Now more detail has emerged regarding this device, courtesy of publication High-Performance Computing Wire.
The cluster is expected to be the most powerful weather and climate-focused supercomputer in the world when it launches in 2022.
The Met Office will initially receive four Microsoft Azure-integrated HPE Cray EX supercomputers with AMD Epyc Milan CPUs, coupled with an active data archive system capable of supporting nearly four exabytes of data that will deliver over 60 peak petaflops across the four quadrants, offering a sixfold increase in the service’s computing power.
Then 5-8 years later, the system will be upgraded with fourth-generation AMD Genoa CPUs, tripling its power to a total 18-times improvement over its current capacity.
“We realized we had to do something slightly different with our next procurement,” explained Richard Lawrence, an IT fellow for supercomputing at the Met Office. “It takes us on average about two years to procure any new supercomputer and then another year to bring into operation. So that’s a lot of time for a lot of people that we do with each procurement, and that’s really expensive and we don’t see particularly good value for us. So we wanted to see if we could change our approach to allow us to spend less time buying supercomputers and more time in utilizing them.”
Unlike before, the Met Office will not be managing the supercomputer themselves, but rather offload the work to Microsoft as a HPC-as-a-service installations.
“[Microsoft will] be providing us a supercomputer, all of the power for the supercomputer, the hosting for the supercomputer, and everything that’s supporting us in making use of that supercomputer as well,” Lawrence said.
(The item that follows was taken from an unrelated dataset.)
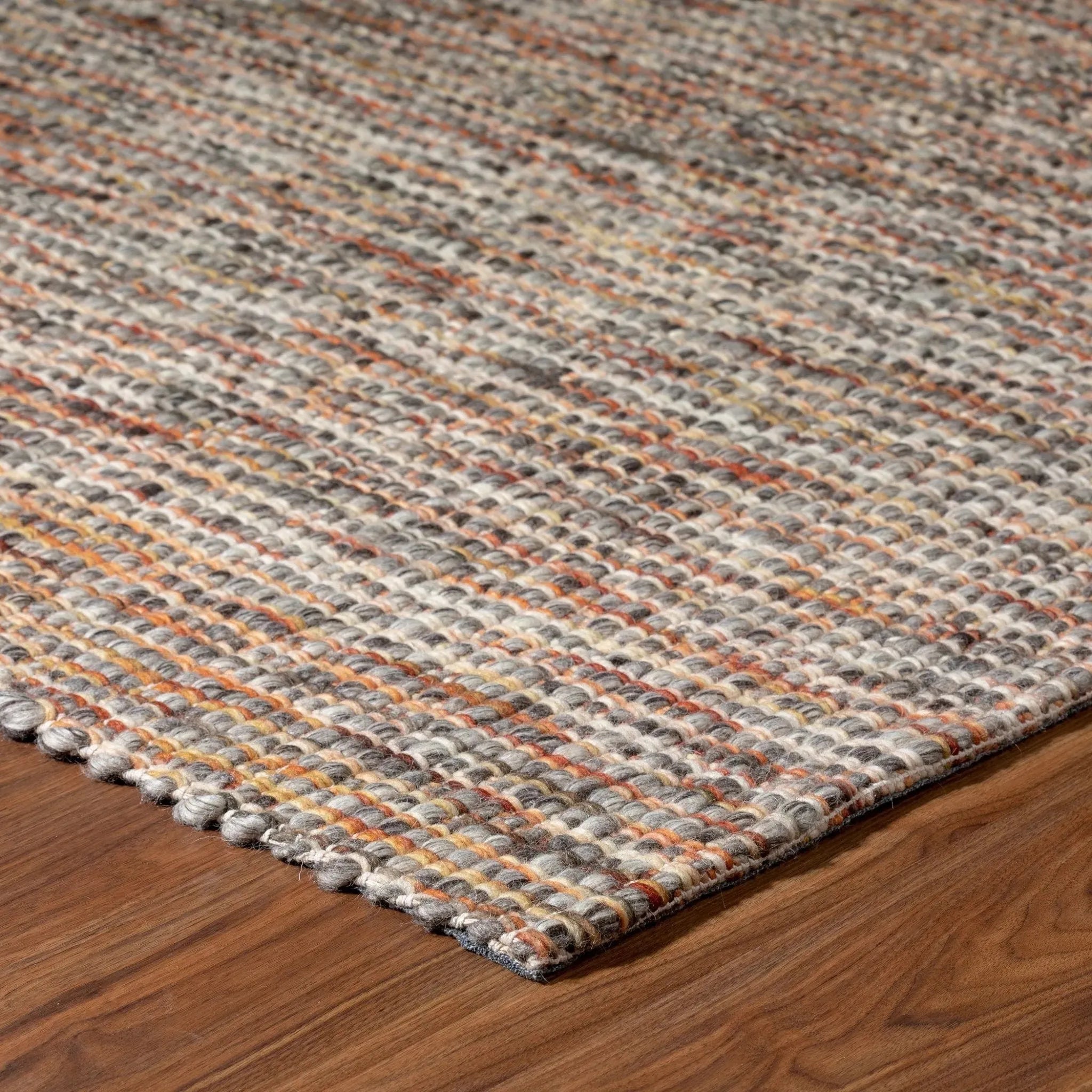 Bondi is a chunky "cobblestone" wool rug with undyed, tonal wool foundation with vertical, space dyed, accent yarns.

For the second generation, he elaborated, “we’ve built into the procurement a mechanism to allow us to analyze what’s available within the market and make sure that the refresh we get halfway through allows us to meet our performance goals and is proving to be good value for the money.”
The four systems cluster will also be hosted offsite for the first time, two each at two separate Microsoft datacenters in the southern UK, adding further resilience.
“The reason why we’re [splitting] into four is to give us a bit more flexibility when we are wanting to patch supercomputers and have more flexibility when one of them develops a fault and we need to switch operations to run in a different … supercomputer,” Lawrence explained.
“That’s a large investment – certainly the largest the Met Office has ever dealt with,” Lawrence said. “And the reason why we were successful in going out to the government and getting them to invest this amount is because we spent a large amount of time articulating the benefits, not just to the Met Office but to the wider UK.”